- Awarded for: significant contribution to advancing the field of tropical botany
- Presented by: Smithsonian National Museum of Natural History, USA
- First award: 2001
- Website: http://botany.si.edu/cuatrecasas/cuatrecasasmedal.cfm

= Cuatrecasas Medal for Excellence in Tropical Botany =

Scientific award

Jose Cuatrecasas Medal for Excellence in Tropical Botany was initiated in 2001 by the Smithsonian National Museum of Natural History, USA. It is named after José Cuatrecasas, a pioneering botanist and taxonomist who worked on the flora of tropical South America. It is awarded annually to a scientist who has made a very significant contribution to advancing the field of tropical botany.

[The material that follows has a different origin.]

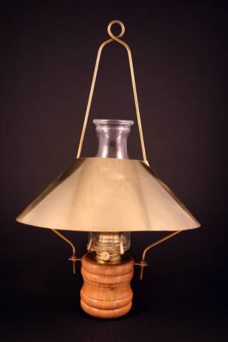 one-of-a-kind oil lamp. The brass plated parts compliment rich wood grain and color. Hanger & polished hat are solid brass. Glass Chimney Burner with adjustable flame and 8 oz oil capacity Finished in Polyurethane Accessories: Optional solid brass double "J" hook hanger (sizes vary, please inquire - see contact information) Replacement glass chimney $14:00 |
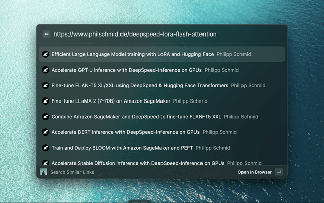 Open the Raycast window and trigger "Search Similar". Paste the URL link.

Nominations for the award can be made by all in the Botany Department at the museum.

The award is a bronze medal with an image of José Cuatrecasas on one side and the awardee's name and date of presentation on the other.

The awardees are:

2001: Rogers McVaugh a taxonomist of tropical and temperate species particularly Lobeliaceae and Myrtaceae, author of tropical floras for Panama, Guatemala, the Guyana Highlands and Mexico, and biographies of several botanists.

2002: P. Barry Tomlinson specialist in anatomy, morphology and tropical botany, author of books on mangroves, tropical trees, the anatomy of monocotyledons and with inspirational commitment to teaching students about the tropics.

2003: John Beaman long-time curator of the Michigan State University Herbarium, and especially for his work on the floras of Mexico and northern Borneo and the taxonomy Asteraceae.

2004: David John Mabberley for his work with the tropical genera Chisocheton (Meliaceae) and Grewia, on pachycaul trees and his authorship of several important books.

2005: Joint award to Jerzy Rzedowski and Graciela Calderón de Rzedowski for both their individual and joint contributions to tropical botany, especially of Mexico, including their regional floras and work on the genus Bursera (Burseraceae).

2006: Sherwin Carlquist, a wood anatomist especially of tropical angiosperm families who also worked on evolution of plants on islands.

2007: No award

2008: Mireya Correa, Director of the Herbarium of the University of Panama, for work on plant systematics, especially the flora of Panama, an educator and administrator.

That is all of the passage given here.